Когда уходит человек - Елена Катишонок
Шрифт:
Интервал:
Закладка:
За башню — сначала вавилонскую, теперь Соборную.
За то, что картавишь.
За большевистскую власть.
За швейцарские часы у тебя на руке.
За то, что говоришь на нашем языке.
За то, что живешь в одном доме с нами.
За то, что живешь.
…что смеешь жить.
Дома так же, как и люди, привыкают видеть вокруг одни и те же фасады и торцы — лица и профили других домов. Дом прекрасно знал своих соседей. Теперь трудно было привыкнуть, что справа пустота. Строго говоря, груду развалин нельзя назвать пустотой: не пустота — останки. Могила дома, который принимал на себя резкий ветер и февральскую пургу. Слева — вечно пустующий, а значит, тоже мертвый дом. Приют для сирых и убогих, слава богу, на месте, но так скрыт за буйной июльской зеленью, что о его присутствии можно только догадываться. Вот пролился дождь, и заблестела крыша: жив курилка!
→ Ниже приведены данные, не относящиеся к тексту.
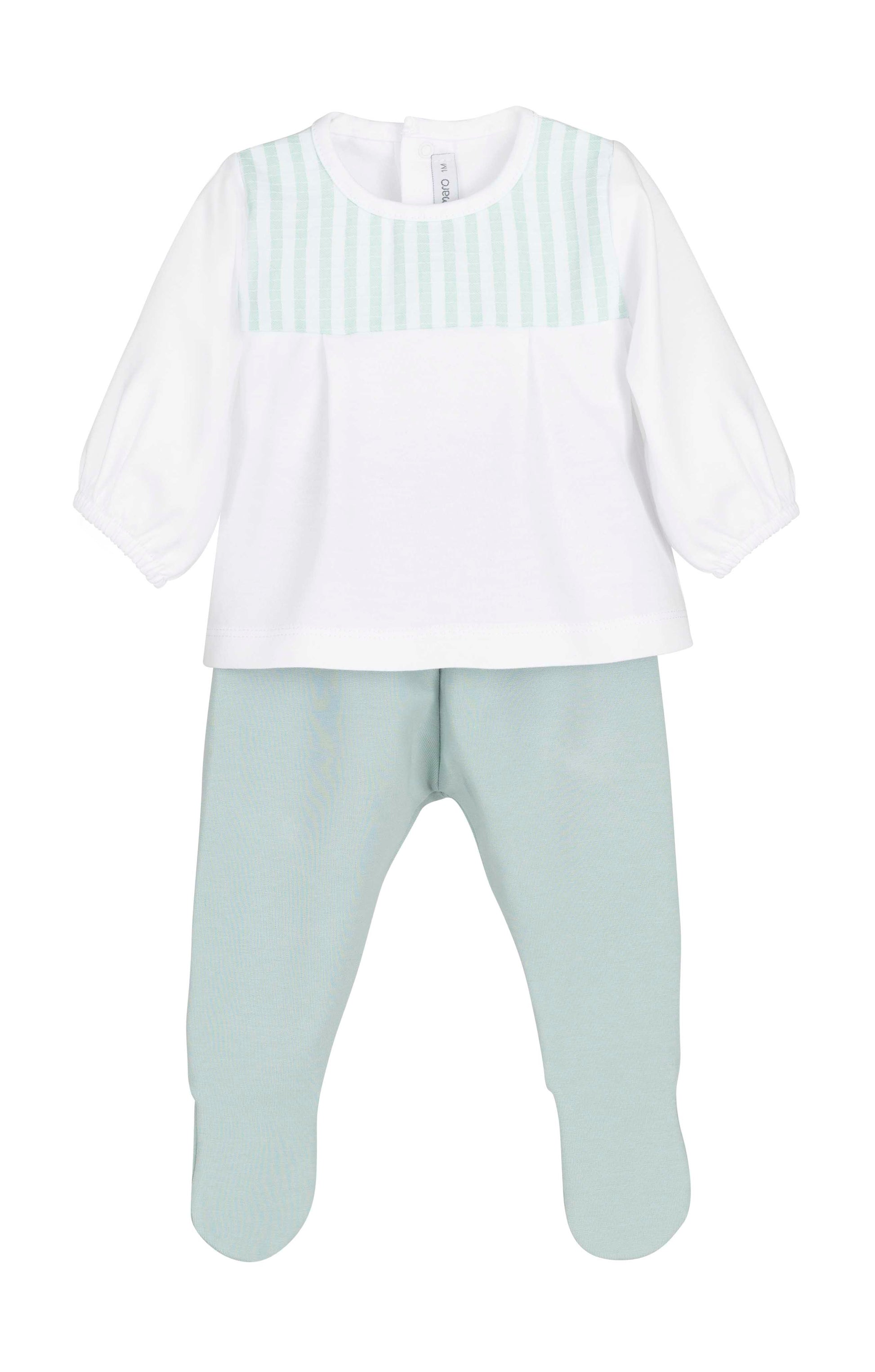 La parte superior en color blanco incorpora un detalle de rayas en tono mint en el canesú, aportando un toque elegante y coordinado con la polaina lisa. El pantalón tipo polaina garantiza abrigo y confort, manteniendo al bebé protegido en todo momento.

Веселый, хохочущий июльский дождь оживил сонные улицы, облил стены, крыши и уже под прищуренным солнцем продолжал рассеянно клевать булыжник мостовой.
Внизу, где Палисадная упирается в начало Гоголевской, стоит широкоплечий четырехэтажный верзила. Розовая краска цвета дамского белья совсем ему не к лицу; дом конфузится. Дождь на время затушевал неприличную розовость. Весь первый этаж тесно засижен лавками: тут бакалея, хлеб, деликатесы и вино. На самом углу, почти напротив сквера, независимо раскачивается вывеска парикмахерской. Дверь приоткрыта. На пороге стоит парикмахер в полурасстегнутом халате и ковыряет в зубах расколотой спичкой. От сквера широкой дугой идет длинная Романовская улица, где находится Русская гимназия. Ее светло-сизые стены потемнели от дождя. Водосточные желоба фыркают, выплевывая воду. Солнечные зайчики прыгают по мокрым блестящим карнизам.
Больше всего народу на Гоголевской, у синагоги. Это серое здание, строгое и элегантное: высокие окна, у входа колонны; несколько входных дверей, а под крышей тоже окна, только круглые; зачем бы? Что такое синагога, дом толком не знает, но не признаваться же… С деликатесами проще — оттуда несутся запахи, а у дверей теперь всегда очереди. Около синагоги очереди нет, просто все заходят внутрь, а зачем — неизвестно; и кто там живет, тоже неведомо…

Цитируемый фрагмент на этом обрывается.